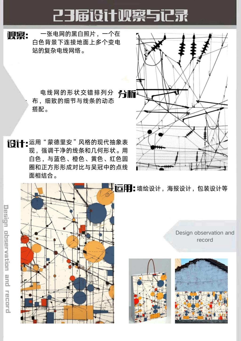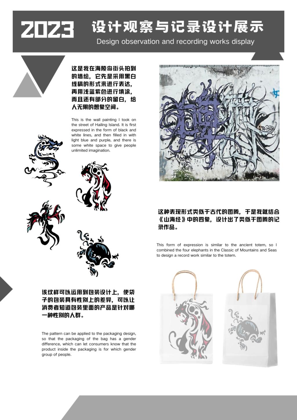 《设计观察与记录》课程秉承学院对实践教学的“两性一度”要求,课程优势在于它提供了一种设计方法论,从客观主体→设定主题→实地观察→元素记录→设计转换→应用形式与成果→设计主体,来训练设计思维转换度。通过观察和记录设计中的形式“发现”和元素“汲取”,学生们将能够更深入地理解设计的创作过程和设计师的思考方式。这将有助于学生们发展出自己独特的设计思维,并在今后的设计深入学习和实践中发挥更大的作用。
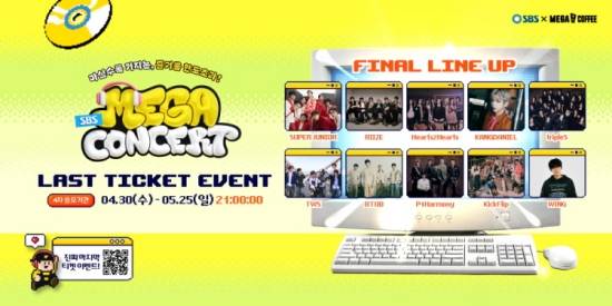 한편, '2025 SBS MEGA 콘서트'는 5월 31일(토) 인천아시아드 주경기장에서 개최된다. 마지막 콘서트 티켓 당첨 기회를 제공할 4차 이벤트는 오는 25일(일) 오후 9시까지 진행되며, 당첨자는 5월 29일(목)에 발표된다. 상세한 내용은 메가MGC커피 공식 APP과 SNS를 통해 확인할 수 있다.
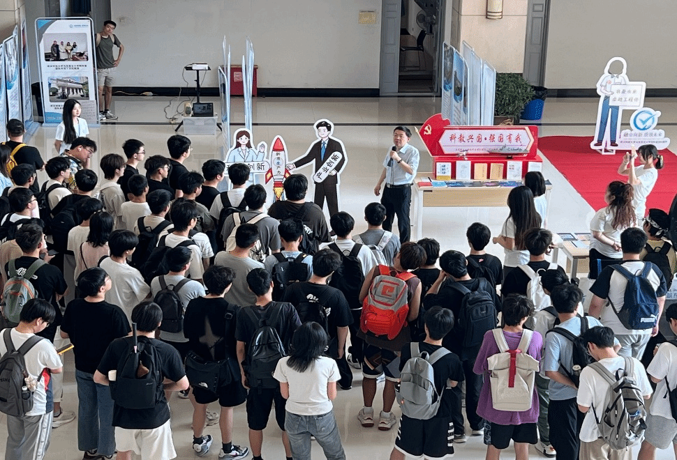 在实践教学环节,师生移步教一楼中庭西侧的“融合向新:新质生产力视角下的科技创新和产业创新”科普展区。张齐武教授以公司樊希安教授团队的芯片研发成果、丁文红教授领衔的专利技术为例,生动解读科技创新与产业创新的深度融合逻辑,鼓励员工弘扬卓越工程师精神,投身科技自立自强实践。
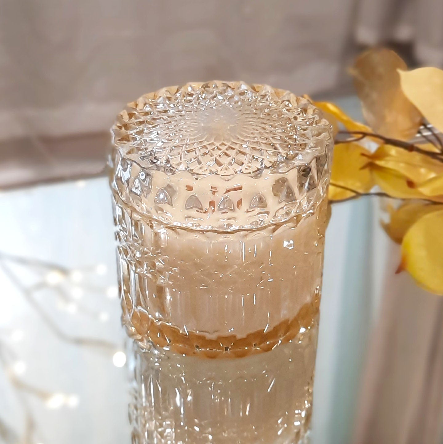 Available in a stunning translucent iridescent or golden champagne color. Vintage inspired candle glass with a heavy-weight crystal design and matching lids. Upcycle and save the glass after purchase to store jewelry, candy, hair clips, and more!
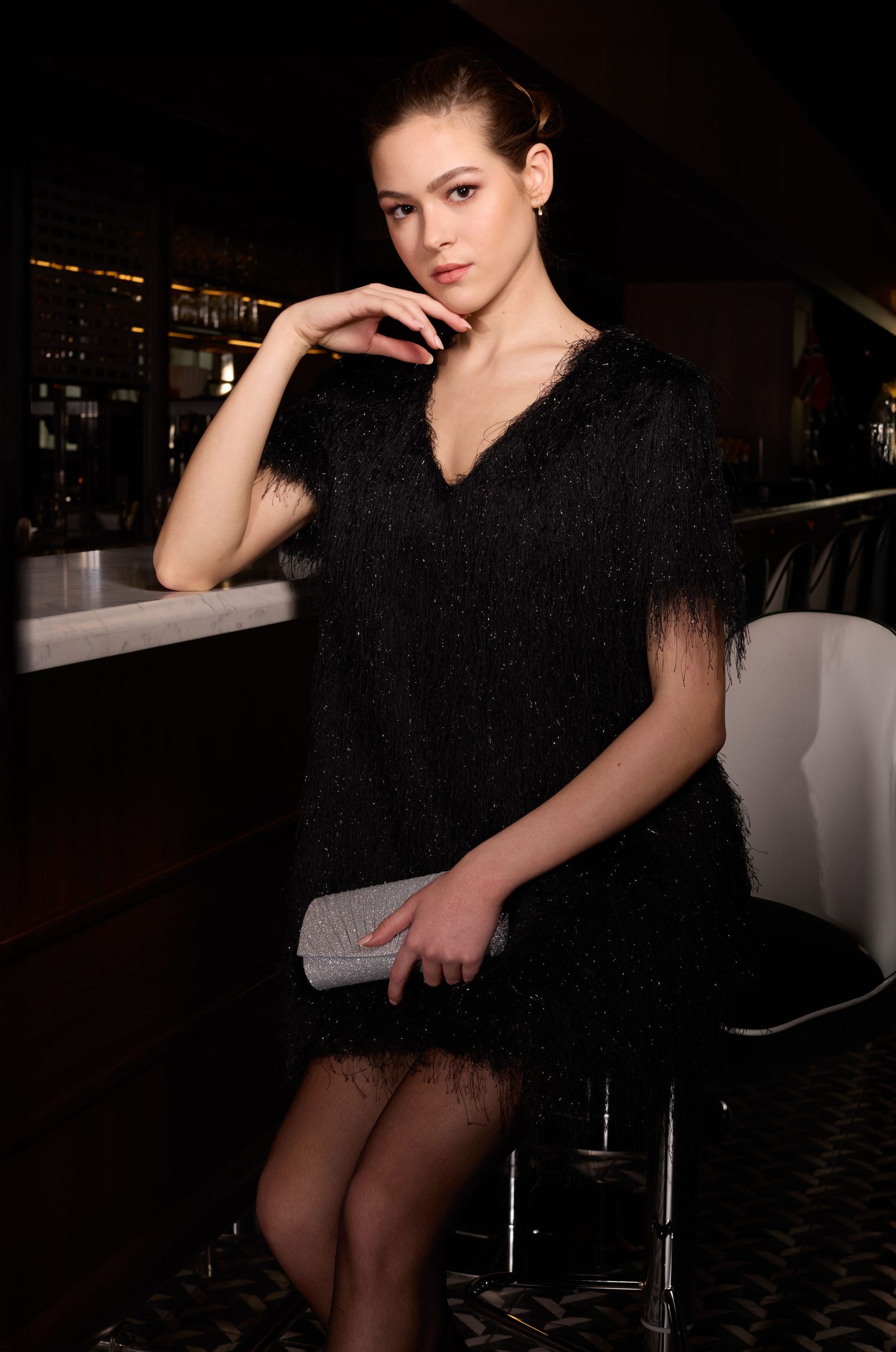 Hairy Dress er den ultimate kombinasjonen av stil og personlighet. Denne unike kjolen, laget av 33 % bomull, 10 % spandex og 57 % polyester, gir en komfortabel passform med en fantastisk tekstur og et hint av glitter som lyser opp kvelden. Den myke, «hairy» finishen gir et lekent, men sofistikert uttrykk, mens den dype V-halsen tilfører en feminin og elegant touch. Perfekt for festlige anledninger, kveld ute eller julebord.
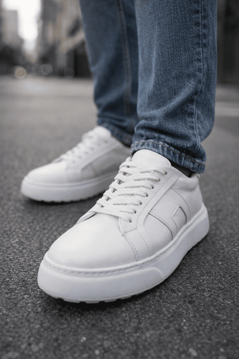 Leather Platform Sneakers – White
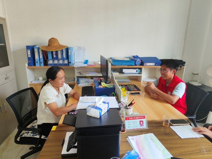7月14日上午,團隊抵達夏富村黨群服務中心,受到村主任羅英的熱烈歡迎。雙方就實踐活動展開交流,羅英主任給我們介紹了村里的基本情況,為團隊后續工作的開展奠定了基礎。隨后在主任帶領下,我們走一遍村子里的大道小巷,了解用于開展義教的場所的實際情況。
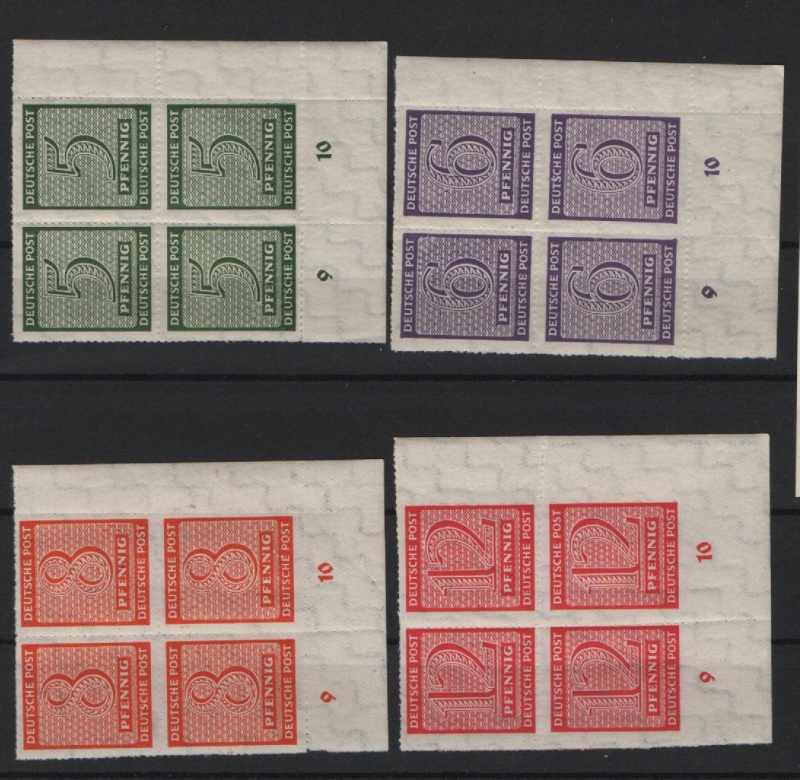 SBZ, West- Sachsen, 1945, Mi.- Nr.: 116 DX - 19 DX, je im ER- 4er- Block, dabei 1x 119 Ur + Uru, **,! Qualitätssatz! Selten
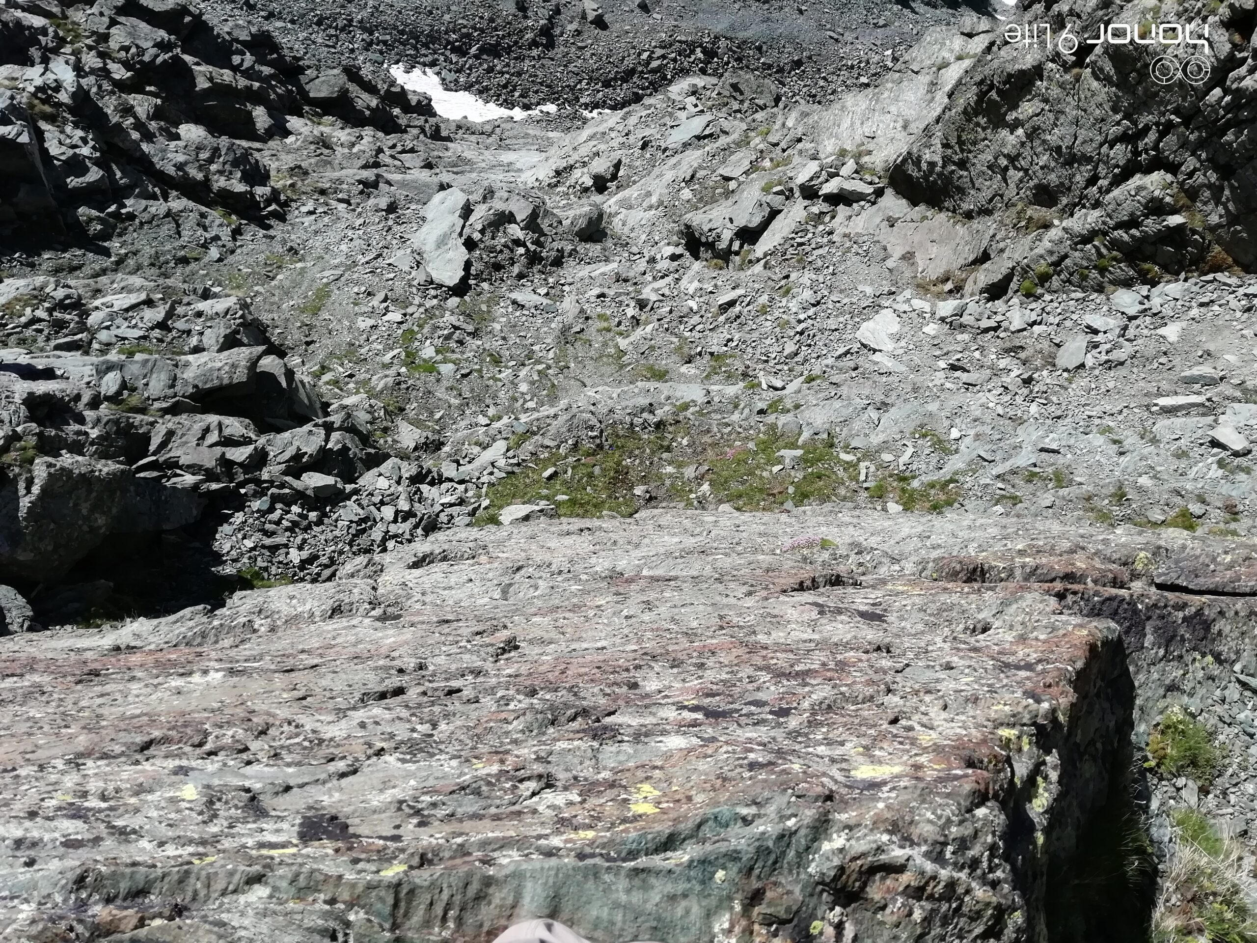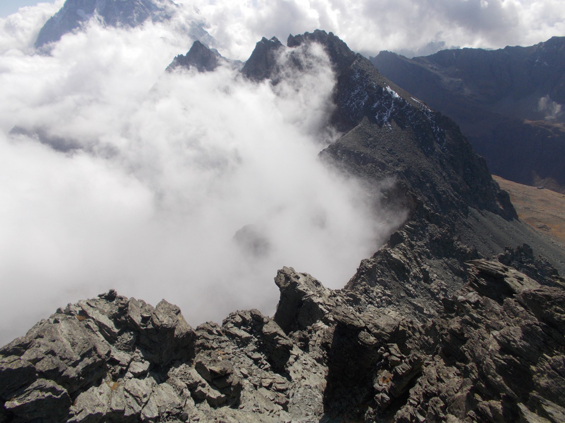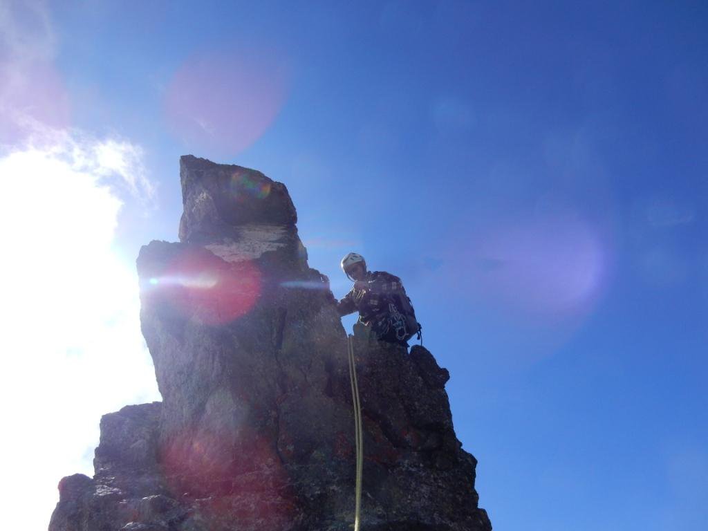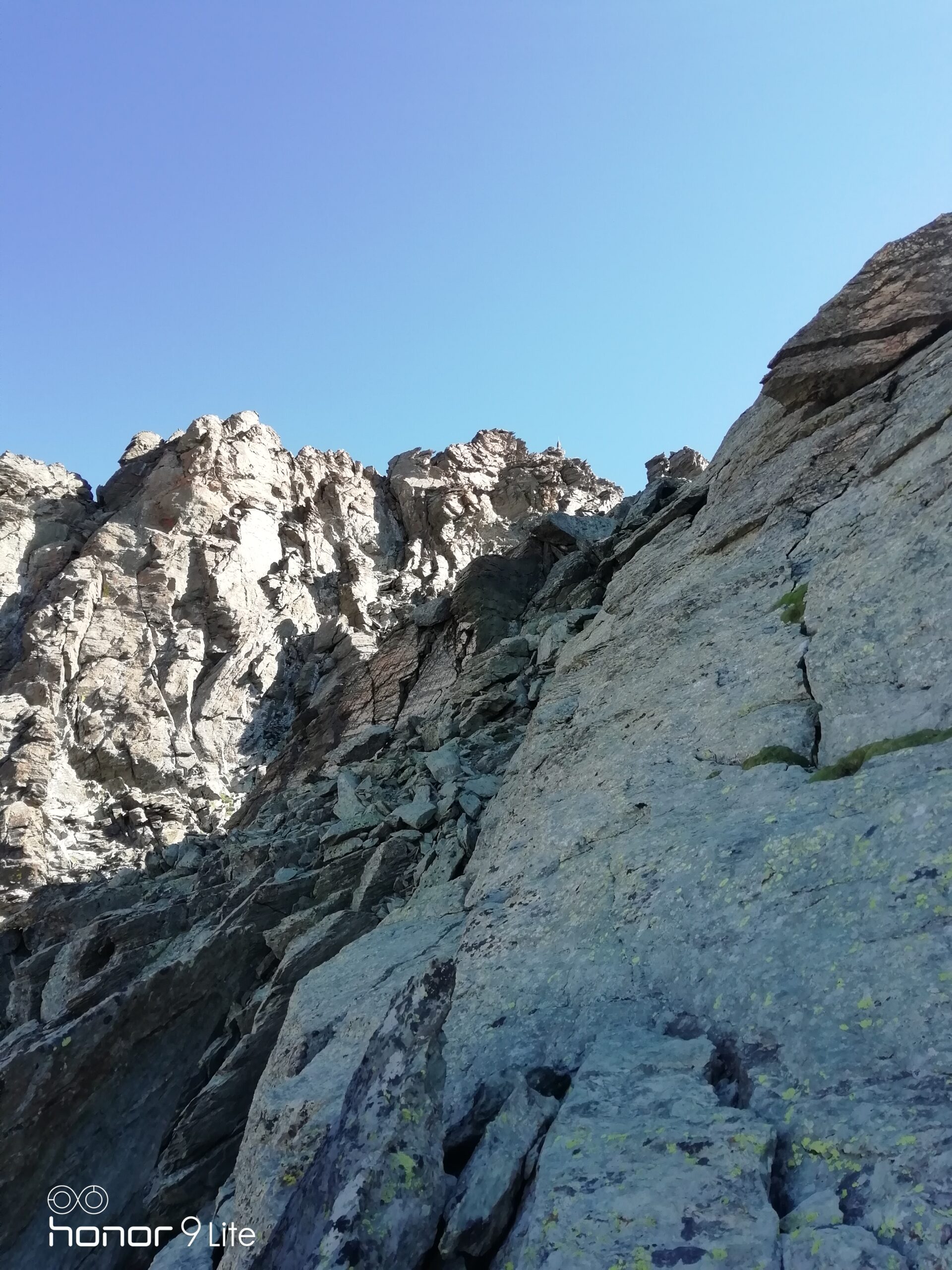 Si attacca ora la cresta, tenendo il filo e seguendo i fix che proteggono i passaggi più duri ed esposti, un muro rivolto verso l’Italia (evitabile passando nel camino a sx, un po’ più facile ma sprotetto) e un gendarme affilato. Da questo si scende in disarrampicata ad una breccia, da dove si rimonta un muro ripido da articolato. Dopo un tratto semipianeggiante, segue un secondo spigolo verticale che si vince sul lato Po (esposto), quindi delle placche appoggiate. Alternando brevi salti ripidi a tratti pianeggianti si arriva ad incrociare la via normale che sale dal col Luisas e attraversa la parete SE (freccia gialla, fixe). Senza imboccare sulla sx il canale dove passa la traccia comune delle vie normali, si prosegue sul filo, superando un ripido muro in una larga fessura. In breve si giunge al torrione finale, dove giunge anche la cresta est. Un ultimo muretto decisamente verticale ed esposto sul lato Po, dove si incontrano gli spit azzurri di una via di Michelin, e si giunge sulla sommità del torrione ed in breve al colletto sotto la Madonna della vetta. Tenendosi ora a sx della linea degli spit azzurri, dopo un muro verticale, per facili blocchi si raggiunge la cima.
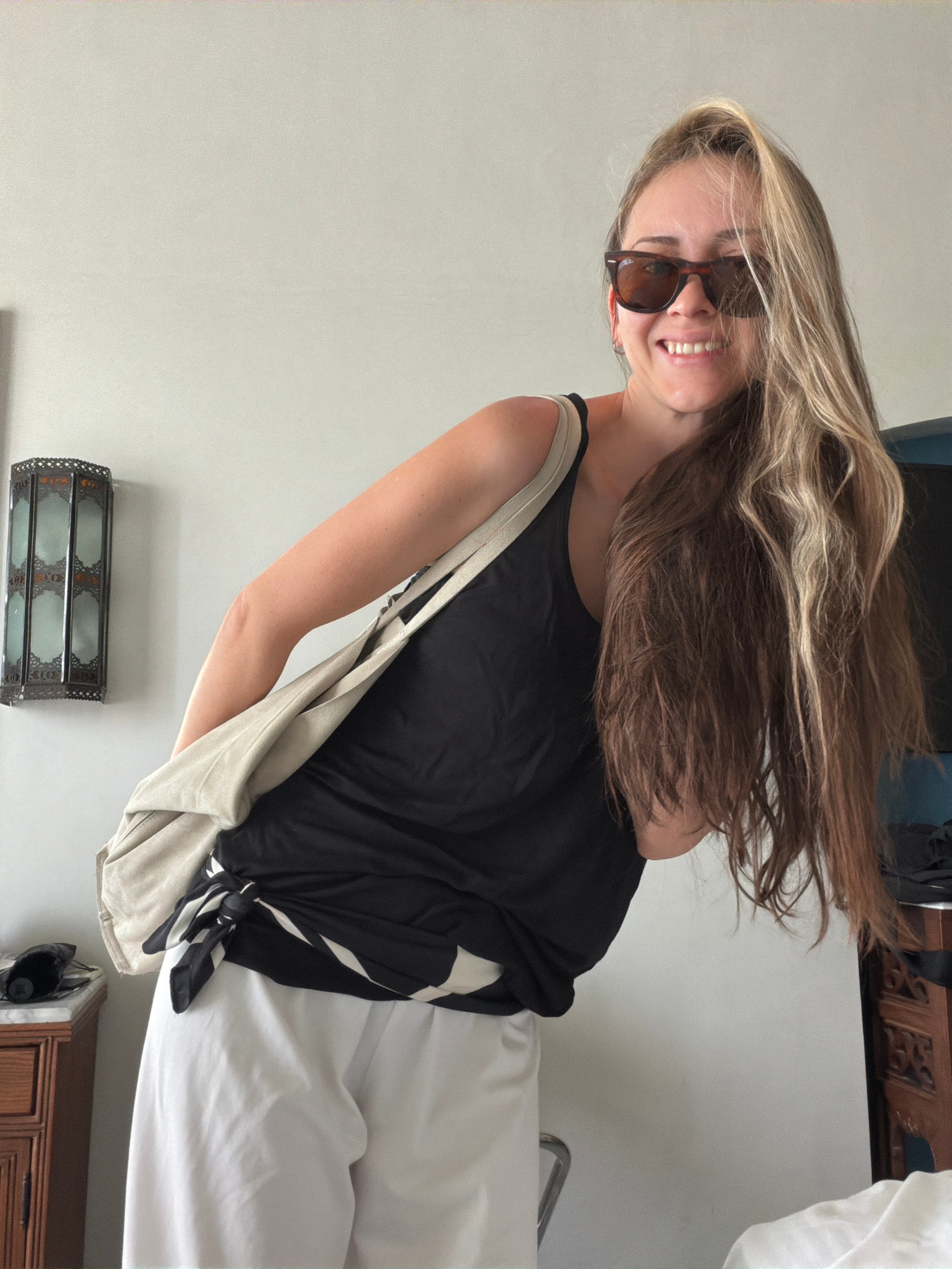 A woman with long blonde and brown hair wearing sunglasses, a black tank top, and white pants stands indoors. She is smiling. A beige bag hangs from her shoulder. A decorative wall fixture is visible…read more
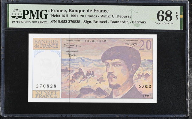 France 20 Francs 1997 P 151 i Superb Gem UNC PMG 68 EPQ TOP POP

Work instruction: Reproduce the listing above exactly from the line containing "7月14日上午,團隊抵達夏富" up to and including the line containing "SBZ, West- Sachsen, 1945, Mi.- Nr.: 116", omitting any images and everything outside those lines.

Solution to the problem:
7月14日上午,團隊抵達夏富村黨群服務中心,受到村主任羅英的熱烈歡迎。雙方就實踐活動展開交流,羅英主任給我們介紹了村里的基本情況,為團隊后續工作的開展奠定了基礎。隨后在主任帶領下,我們走一遍村子里的大道小巷,了解用于開展義教的場所的實際情況。
 SBZ, West- Sachsen, 1945, Mi.- Nr.: 116 DX - 19 DX, je im ER- 4er- Block, dabei 1x 119 Ur + Uru, **,! Qualitätssatz! Selten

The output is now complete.